Learning to listen (and to trust)

Some days I can live quite easily by the six small meals a day rule – you know the one, eat every two or three hours, something small, between 200-300 calories. In fact, that’s usually my preferred manner of eating.

But other days, it just doesn’t work for me.

Yesterday, in case you’re wondering, was one of the days that it just didn’t work out.

Let’s start at the beginning; why should we learn to listen to our bodies when it comes to food?

To put it simply, the body knows what it wants when it wants it. If you listen to your body (and not your emotions, the clock, your social calendar, or your friends) very rarely will you be led astray in terms of food. The trick is, distinguishing what your body wants from what your mind, your emotions, and the culture say you want.

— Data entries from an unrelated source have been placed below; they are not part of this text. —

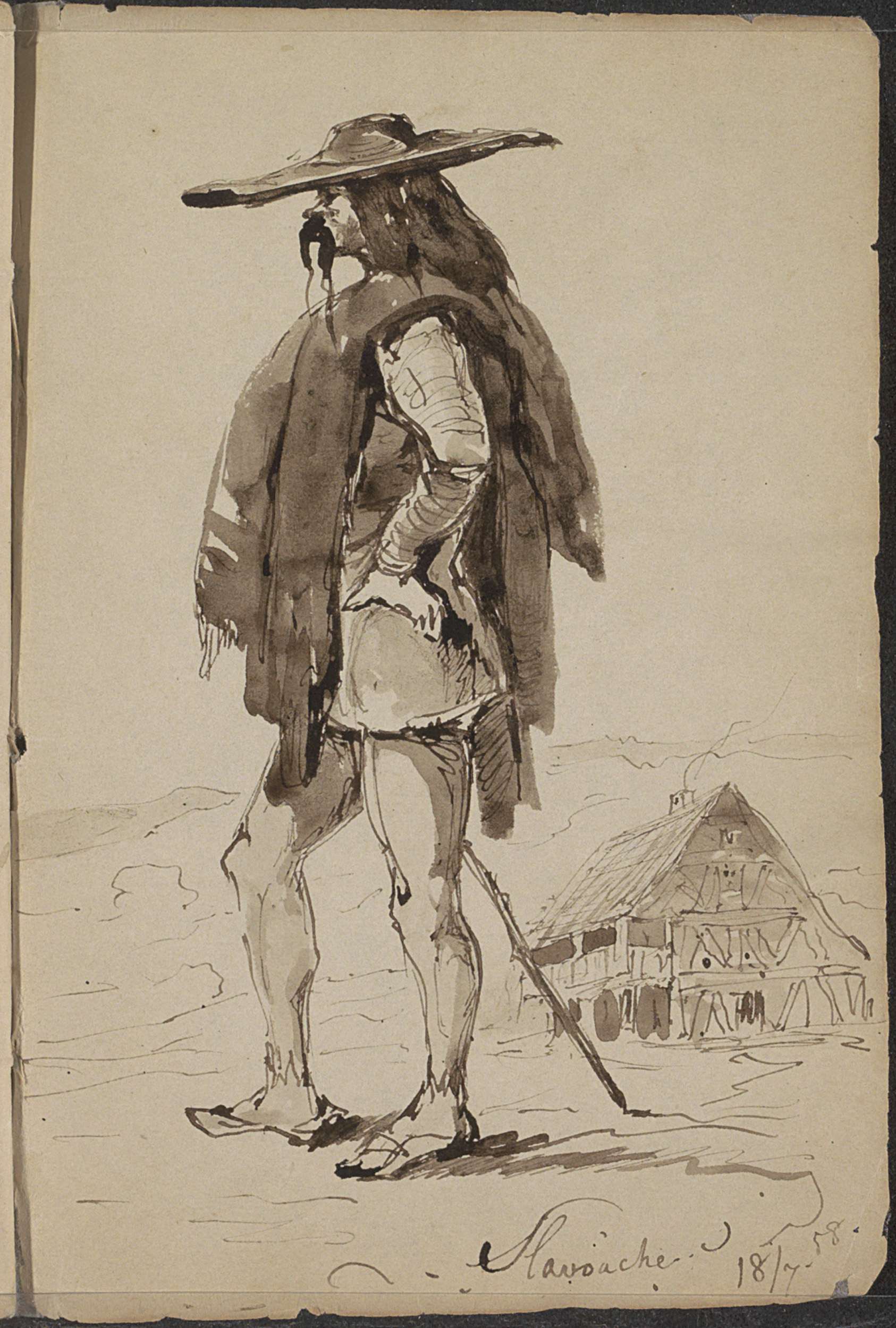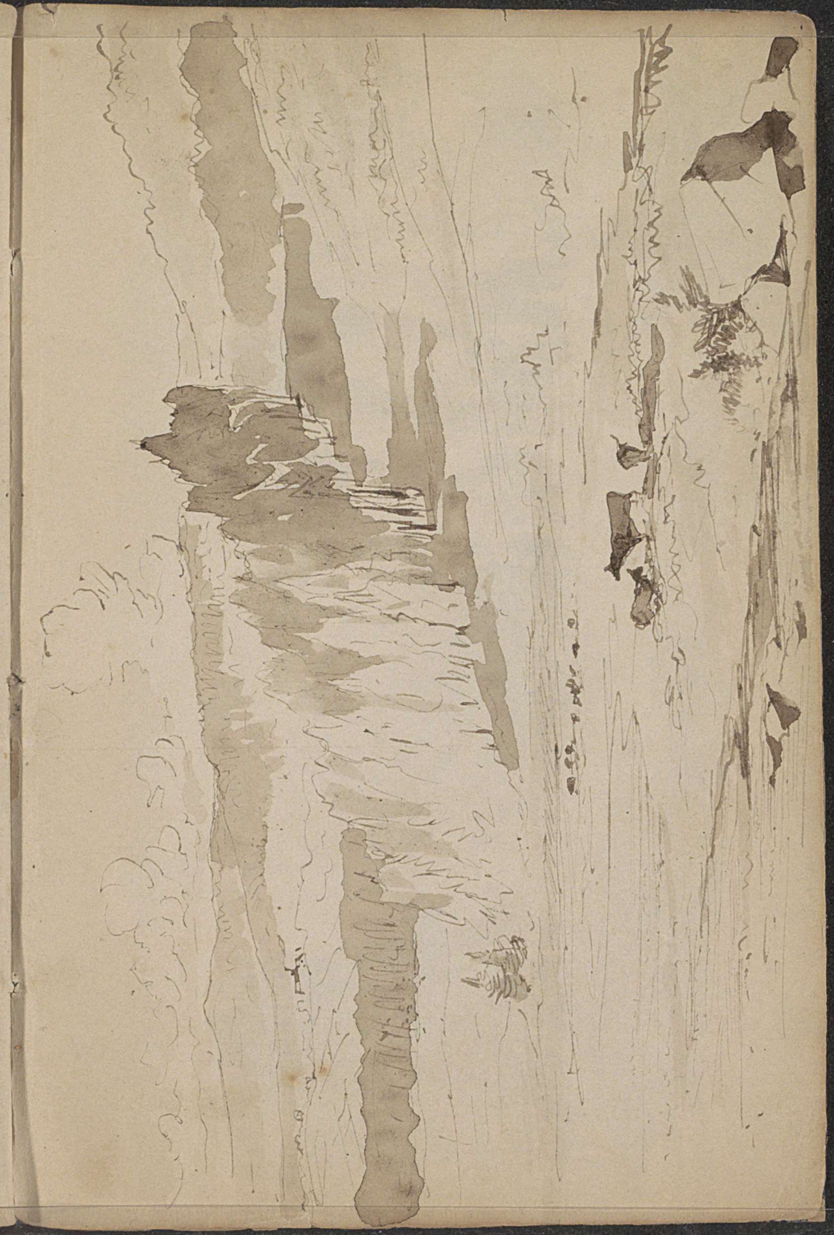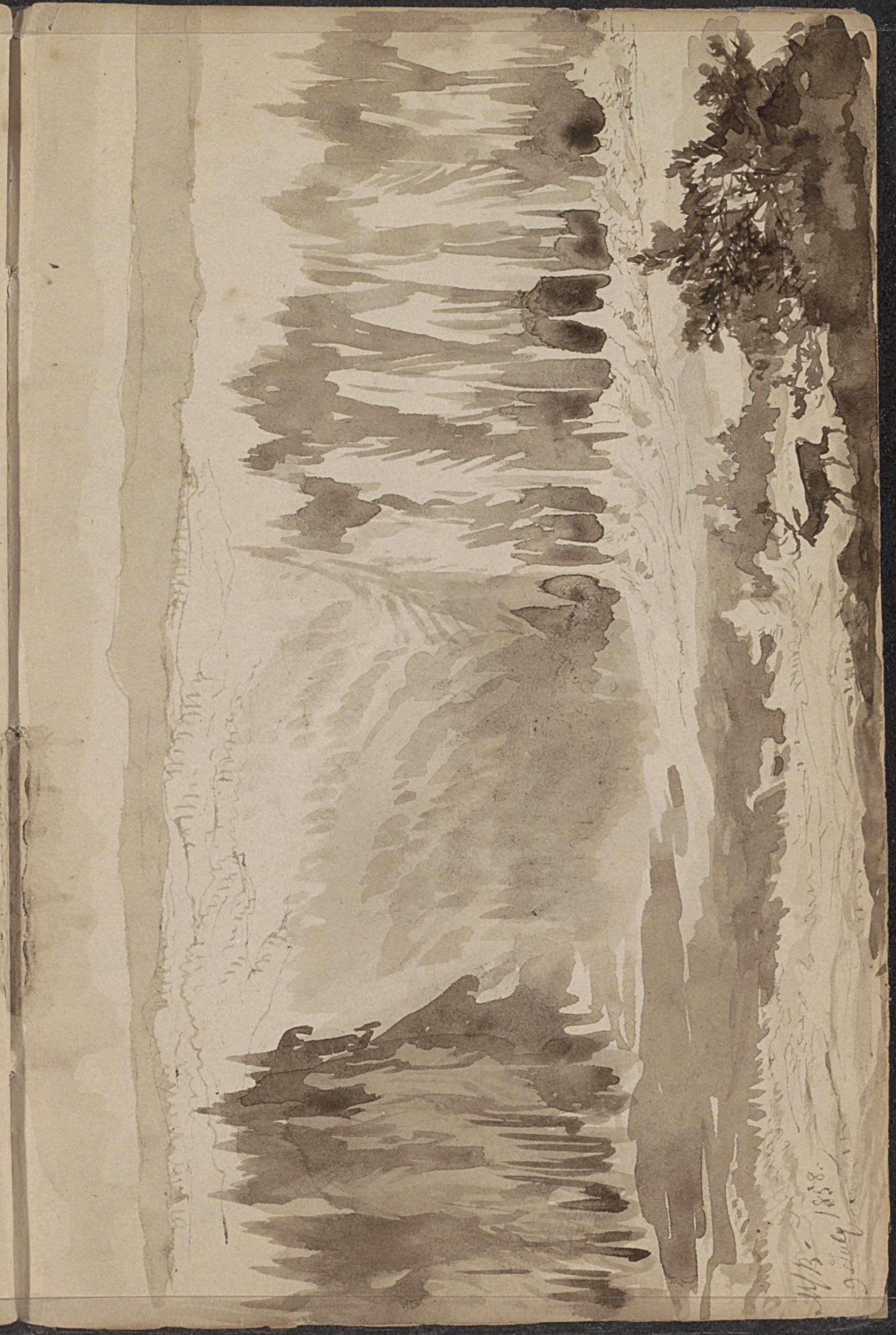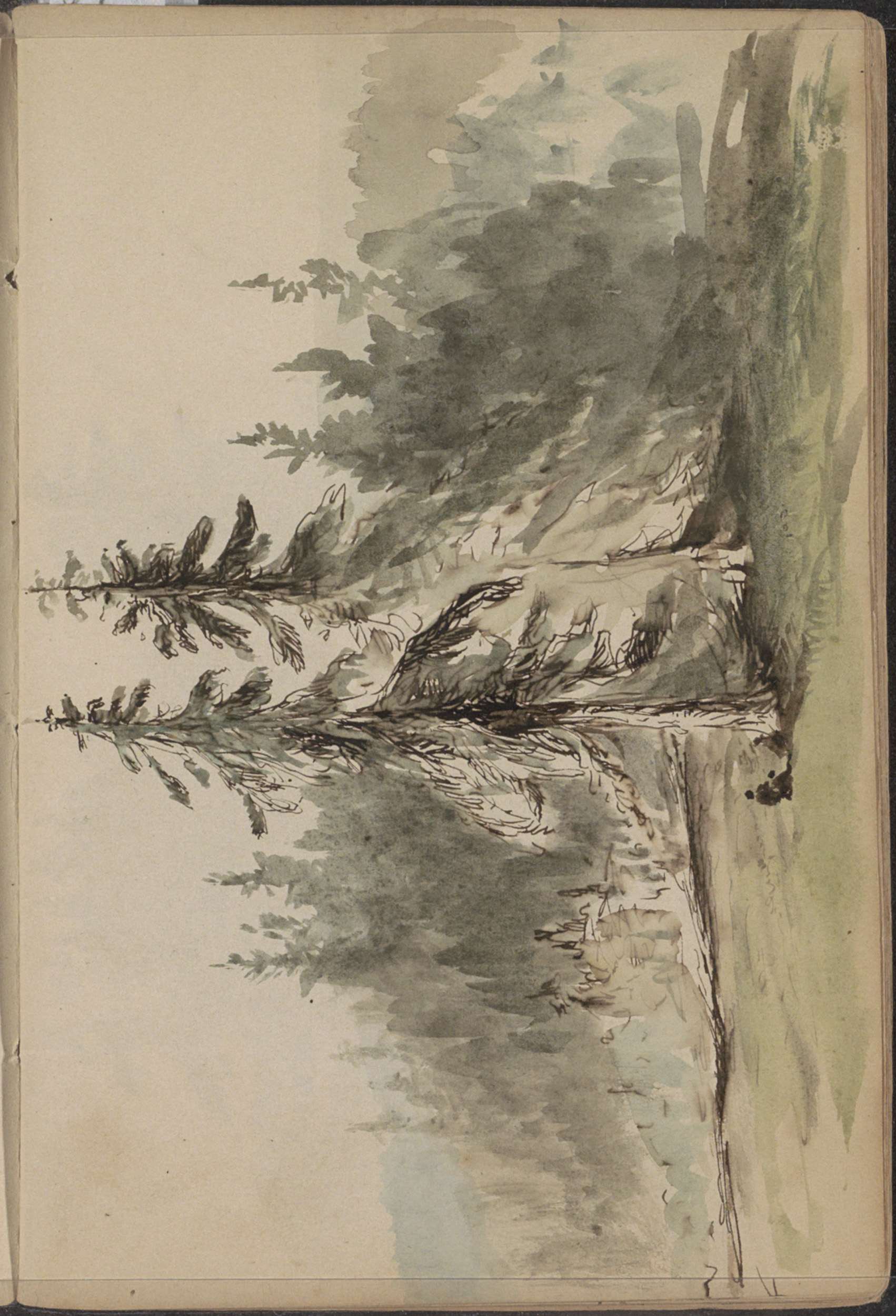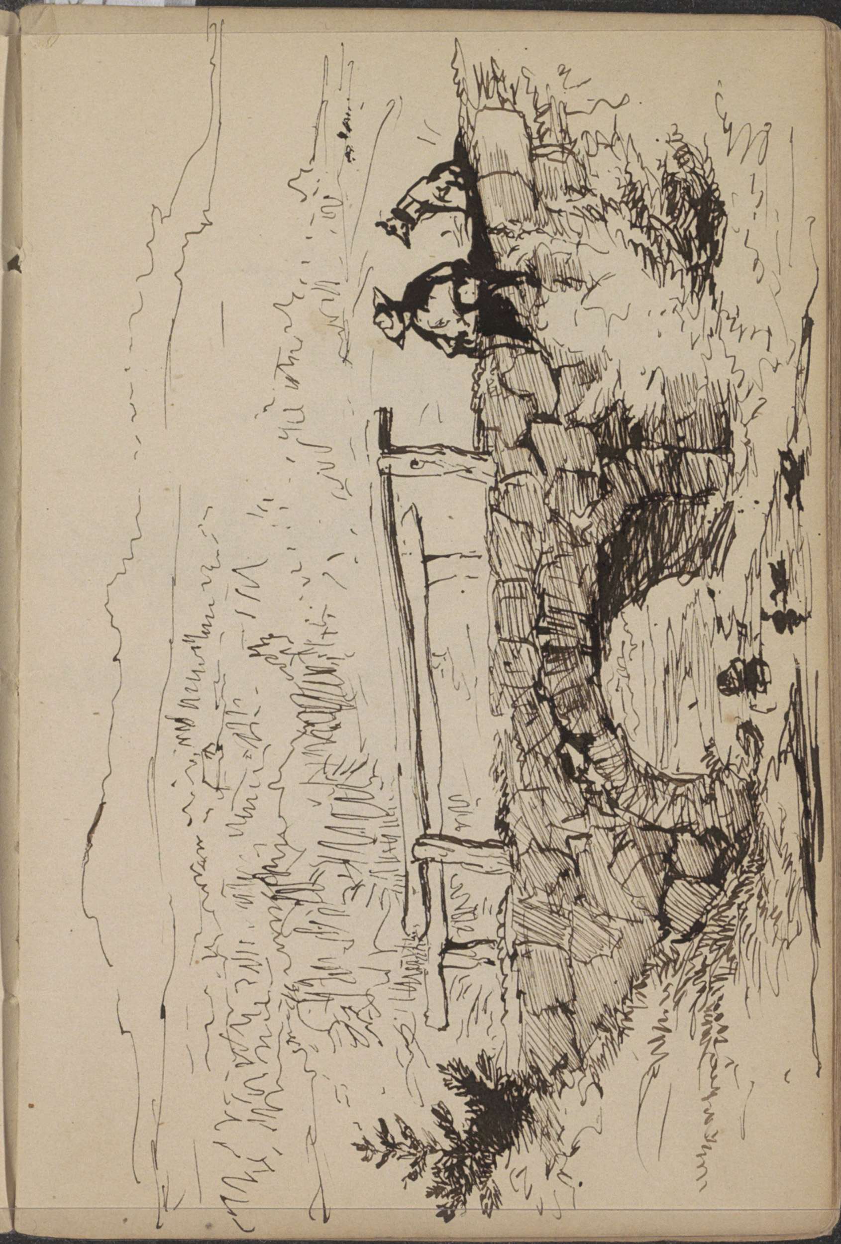 Figuur in een berglandschap met dennenbomen bij Kies...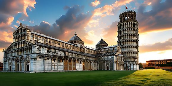 16:00 乘車前往比薩,外觀比薩斜塔(約 20 分鐘)位于意大利中部比薩古城內(nèi)的教堂廣場(chǎng)上,是一組古羅 馬建筑群中的鐘樓,這座堪稱世界建筑史奇跡的斜塔,不僅以它“斜而不倒”聞名天下,參觀奇跡廣 場(chǎng),它位于比薩城的西北角,廣場(chǎng)包含了比薩大教堂、洗禮堂、比薩斜塔和墓園。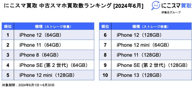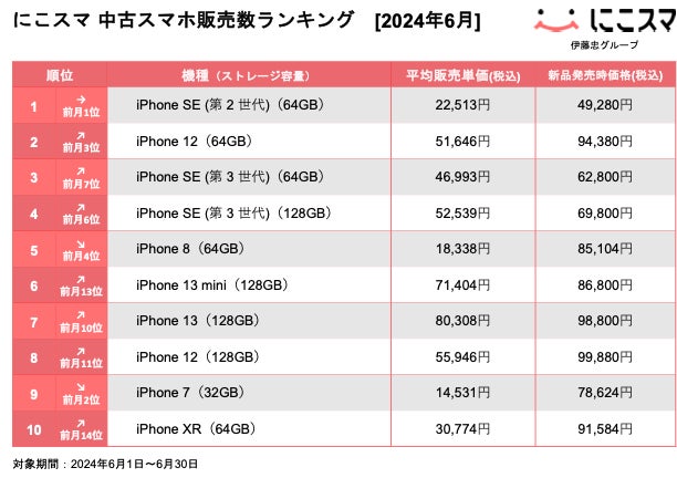 2024年6月の販売数ランキングでは、iPhone SE(第2世代)が7ヶ月連続で1位にランクインしました。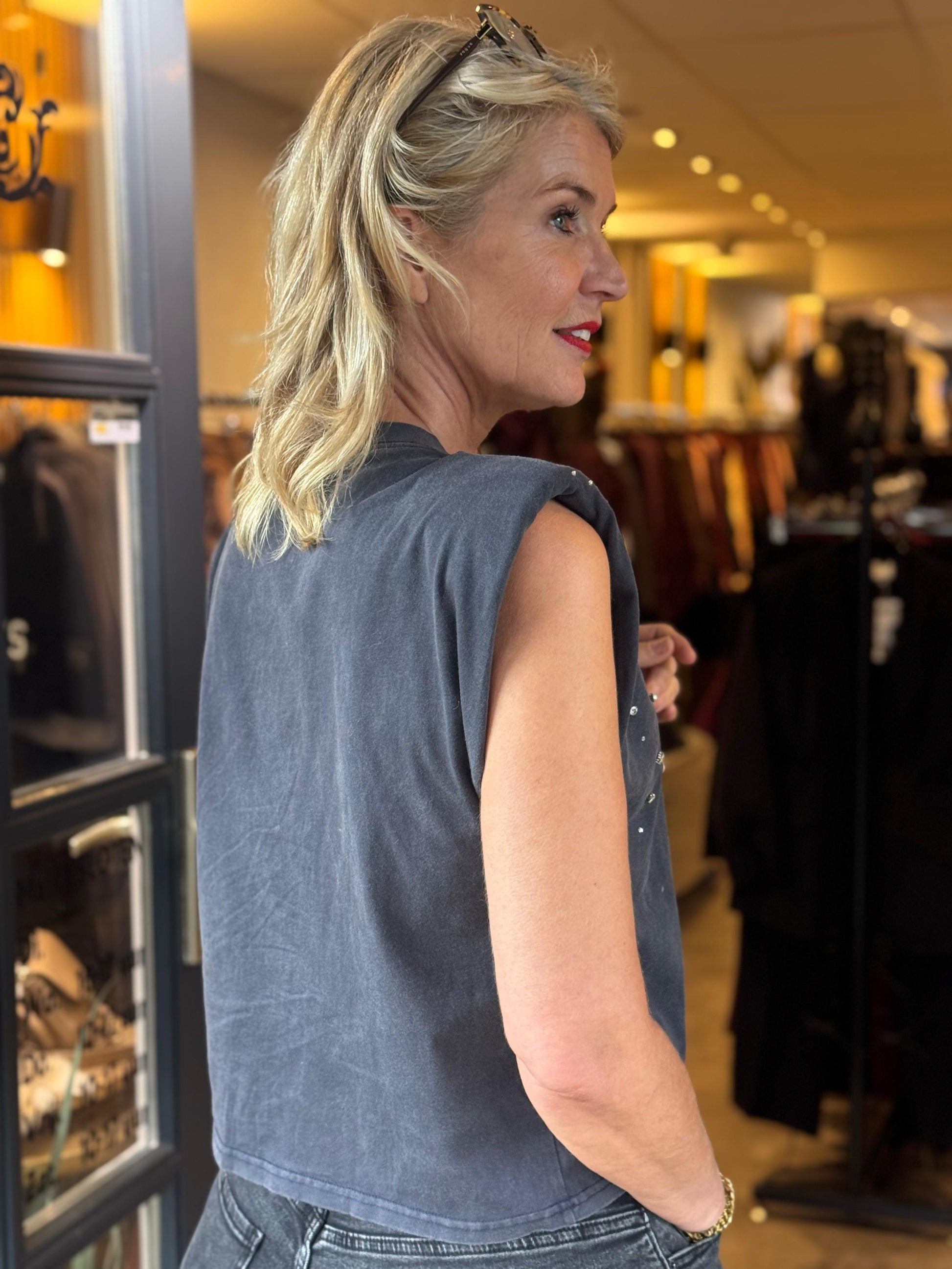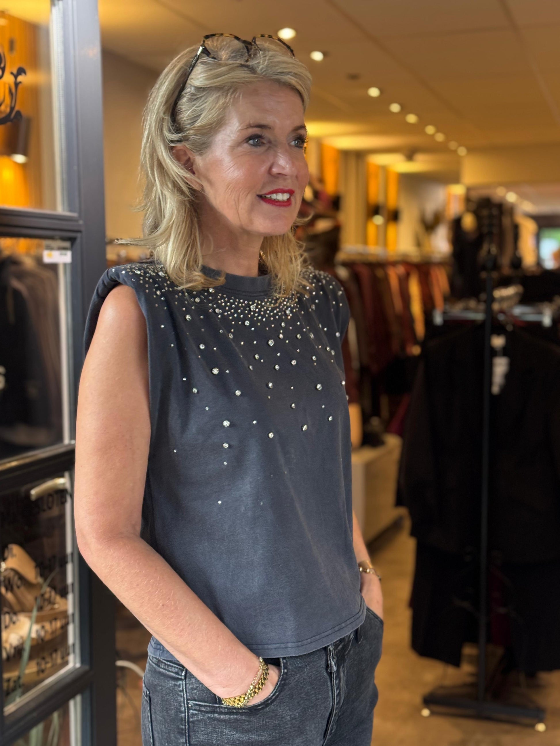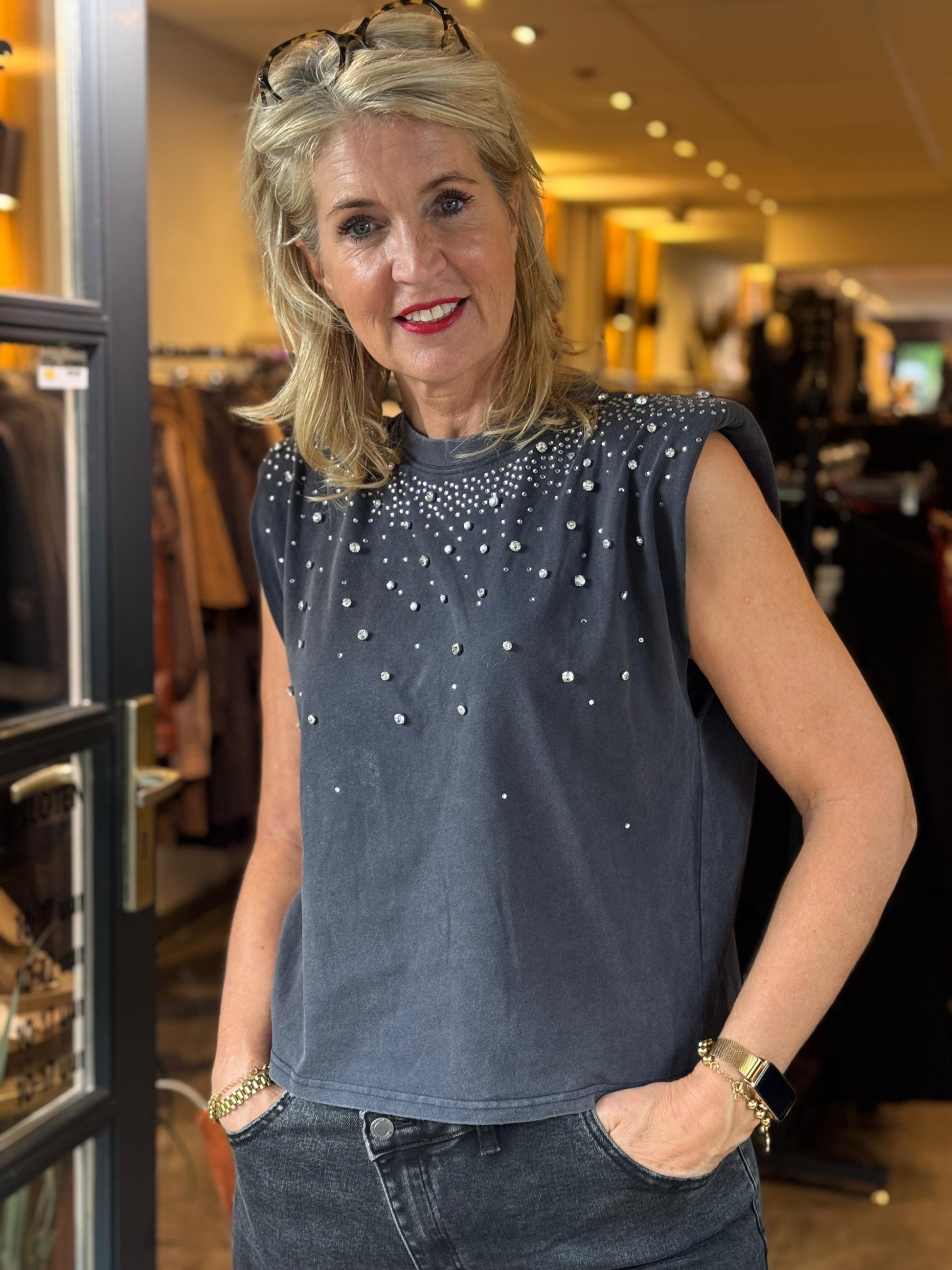 De subtiele schoudervulling zorgt voor een krachtige silhouet, terwijl de studs en fonkelende steentjes een edgy luxe uitstraling toevoegen.

When your body sends you a clear message – even if it doesn’t jive with the “expert” advice – listen to it. If not, you’ll be more likely to feel deprived, throw in the towel, and decide that the so-called experts don’t know much of anything. In fact, some of the experts know quite a bit, but they don’t necessarily know you. Not like you do. So if your body is telling you that it wants a certain amount of something or a particular something and you’ve done everything else right – drank some water, took a fifteen minute walk, took three deep breaths, ate some carrots or some other super low calorie food – then you should go ahead and have it. Because once it becomes a must in your mind, it’s too late. Have it, get it out of your system, let it go, and then move on.

As I said above: yesterday was one of those days.

Looking at my food diary for the last two (almost three years) it’s clear to see that my preferred intake of calories is between 1,500 and 1,800. When I’m trying to release weight – or if I’m just calibrating before or after a big dinner or a week with my parents – I tend to purposefully drop my calorie intake down to around 1,200. Some days it’s lower than that (closer to a 1,000) though sometimes it’s higher (closer to 1,400).

It’s rare that I have a day over 2,200; but it’s happened.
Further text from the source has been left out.